---------- THE DATA

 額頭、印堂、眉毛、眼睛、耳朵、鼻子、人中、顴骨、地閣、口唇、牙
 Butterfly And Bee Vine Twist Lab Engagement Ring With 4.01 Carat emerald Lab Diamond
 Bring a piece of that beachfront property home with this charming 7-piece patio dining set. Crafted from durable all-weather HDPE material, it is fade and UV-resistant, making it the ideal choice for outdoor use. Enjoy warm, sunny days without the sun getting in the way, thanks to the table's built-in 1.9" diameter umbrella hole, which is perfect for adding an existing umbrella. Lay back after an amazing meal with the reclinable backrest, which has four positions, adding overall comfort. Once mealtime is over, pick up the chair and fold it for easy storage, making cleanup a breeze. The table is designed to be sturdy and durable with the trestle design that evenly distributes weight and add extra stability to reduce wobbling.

--------------------
---------- THE DATA

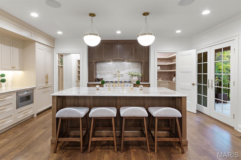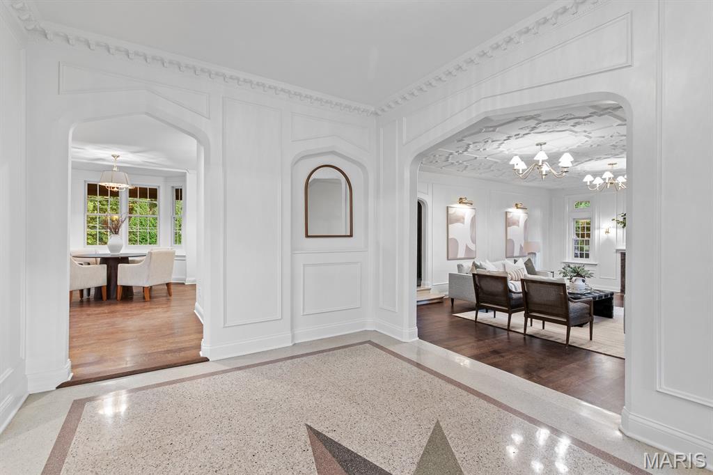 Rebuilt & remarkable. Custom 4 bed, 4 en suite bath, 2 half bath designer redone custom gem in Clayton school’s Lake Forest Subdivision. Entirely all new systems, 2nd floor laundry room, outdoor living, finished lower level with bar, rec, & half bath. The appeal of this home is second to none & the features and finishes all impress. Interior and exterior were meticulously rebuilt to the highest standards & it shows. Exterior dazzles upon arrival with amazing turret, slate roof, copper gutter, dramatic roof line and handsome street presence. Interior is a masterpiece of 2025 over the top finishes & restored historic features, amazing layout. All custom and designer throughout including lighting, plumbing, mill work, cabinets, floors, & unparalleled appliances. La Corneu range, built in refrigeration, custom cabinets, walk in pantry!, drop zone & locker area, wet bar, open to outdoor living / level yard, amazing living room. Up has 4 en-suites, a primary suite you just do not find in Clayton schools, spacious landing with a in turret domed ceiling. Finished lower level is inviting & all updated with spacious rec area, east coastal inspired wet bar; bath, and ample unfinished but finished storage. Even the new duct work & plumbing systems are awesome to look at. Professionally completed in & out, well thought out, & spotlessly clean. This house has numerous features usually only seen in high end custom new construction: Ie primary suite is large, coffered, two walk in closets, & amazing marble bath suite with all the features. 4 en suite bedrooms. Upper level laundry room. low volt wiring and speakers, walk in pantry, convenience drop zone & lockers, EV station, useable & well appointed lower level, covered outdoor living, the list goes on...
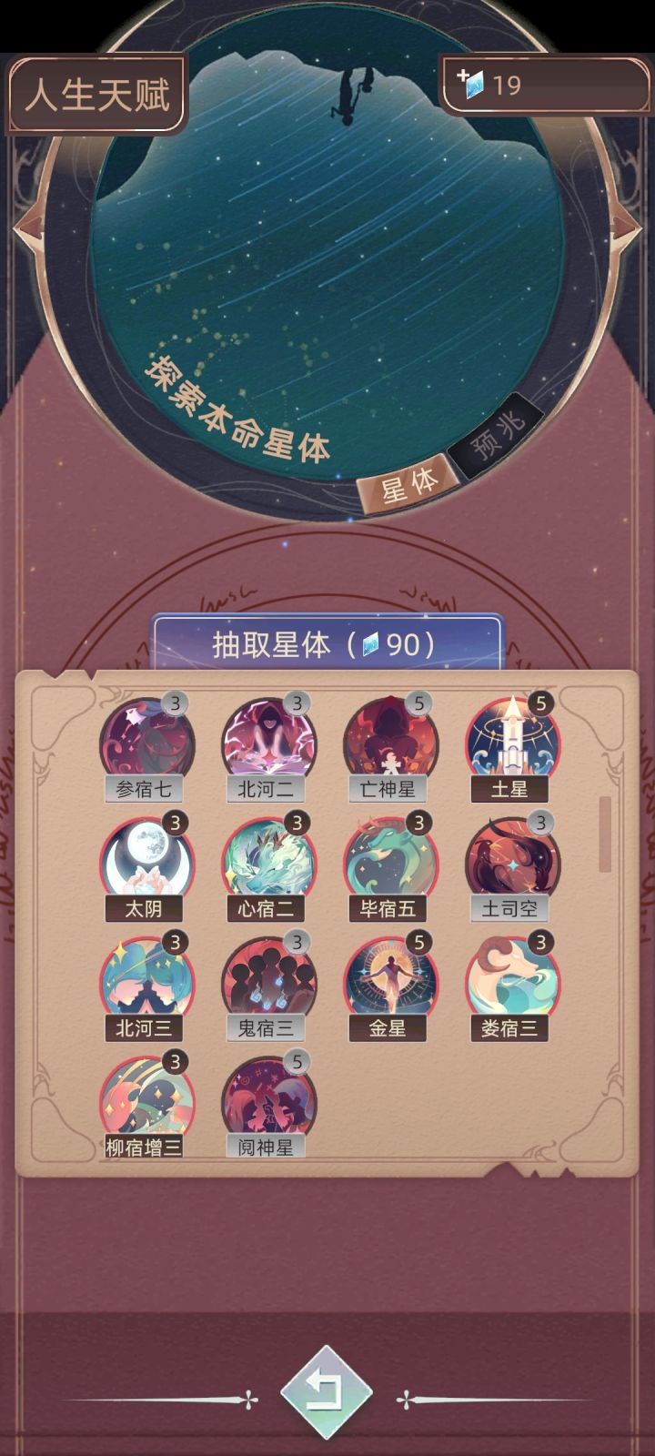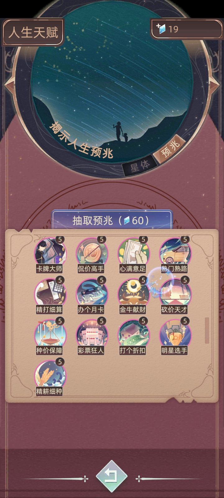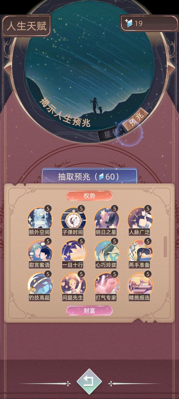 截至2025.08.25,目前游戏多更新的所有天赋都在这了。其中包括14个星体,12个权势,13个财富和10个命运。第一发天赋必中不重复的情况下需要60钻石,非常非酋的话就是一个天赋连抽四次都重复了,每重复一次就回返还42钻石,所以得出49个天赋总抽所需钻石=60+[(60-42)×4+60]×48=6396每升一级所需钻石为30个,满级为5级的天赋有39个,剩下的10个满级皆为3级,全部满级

--------------------
---------- THE DATA

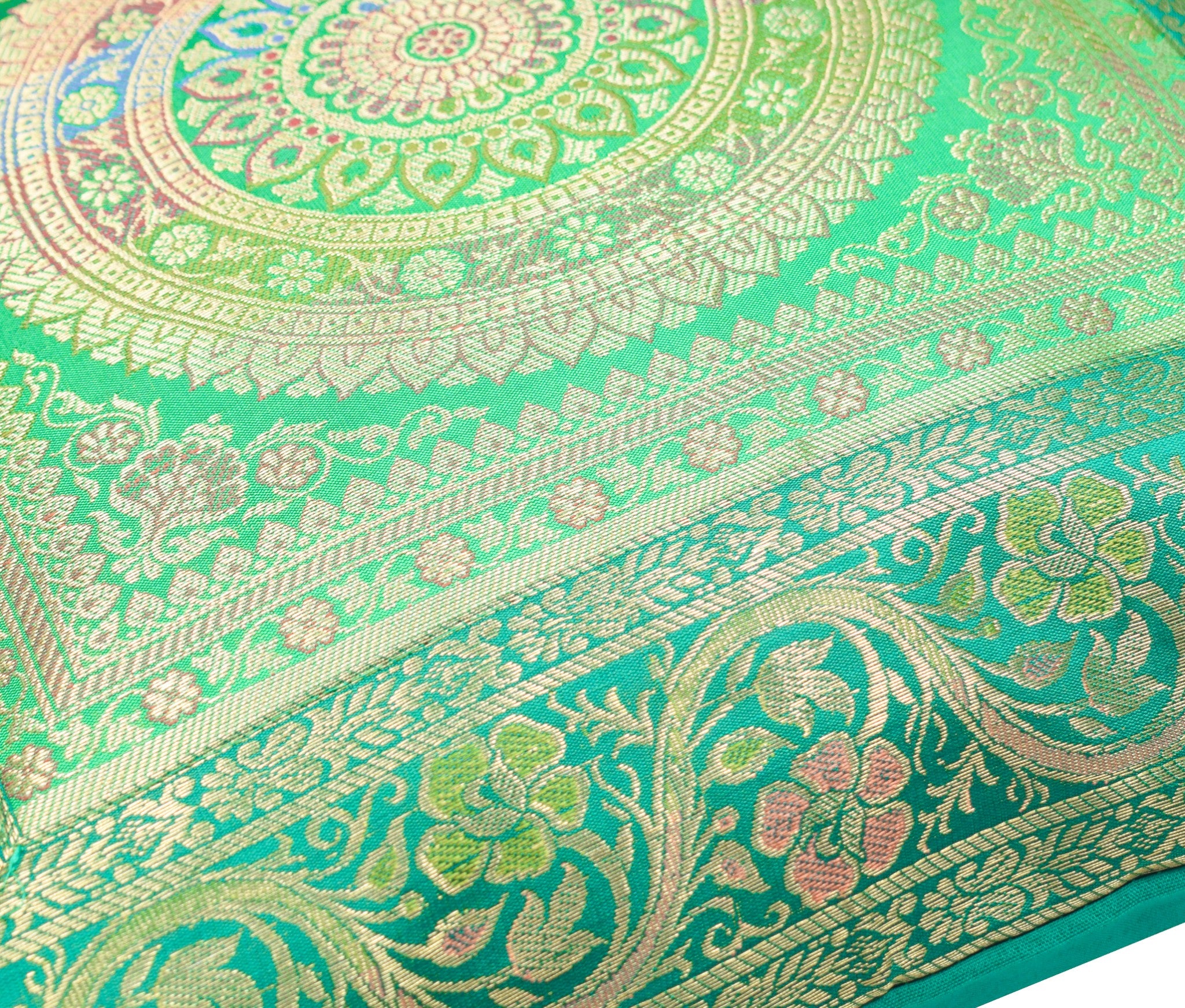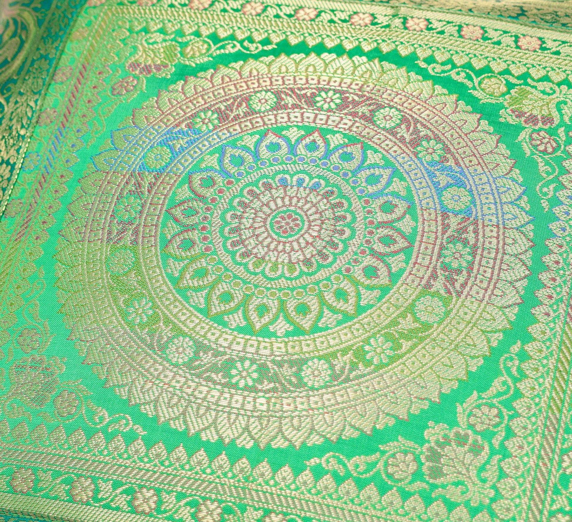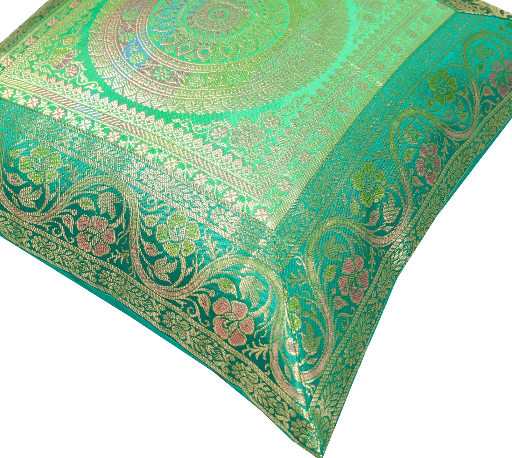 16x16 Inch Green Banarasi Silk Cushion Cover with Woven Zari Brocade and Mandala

--------------------

§ **TASK GOAL**
Please give back exactly the lines of this listing beginning at the line with "額頭、印堂、眉毛、眼睛、耳朵、鼻子、人中、顴骨、地閣、口唇、牙" and ending with the line with "Bring a piece", both included, and nothing else.

§ **WRITTEN ANSWER**
 額頭、印堂、眉毛、眼睛、耳朵、鼻子、人中、顴骨、地閣、口唇、牙
 Butterfly And Bee Vine Twist Lab Engagement Ring With 4.01 Carat emerald Lab Diamond
 Bring a piece of that beachfront property home with this charming 7-piece patio dining set. Crafted from durable all-weather HDPE material, it is fade and UV-resistant, making it the ideal choice for outdoor use. Enjoy warm, sunny days without the sun getting in the way, thanks to the table's built-in 1.9" diameter umbrella hole, which is perfect for adding an existing umbrella. Lay back after an amazing meal with the reclinable backrest, which has four positions, adding overall comfort. Once mealtime is over, pick up the chair and fold it for easy storage, making cleanup a breeze. The table is designed to be sturdy and durable with the trestle design that evenly distributes weight and add extra stability to reduce wobbling.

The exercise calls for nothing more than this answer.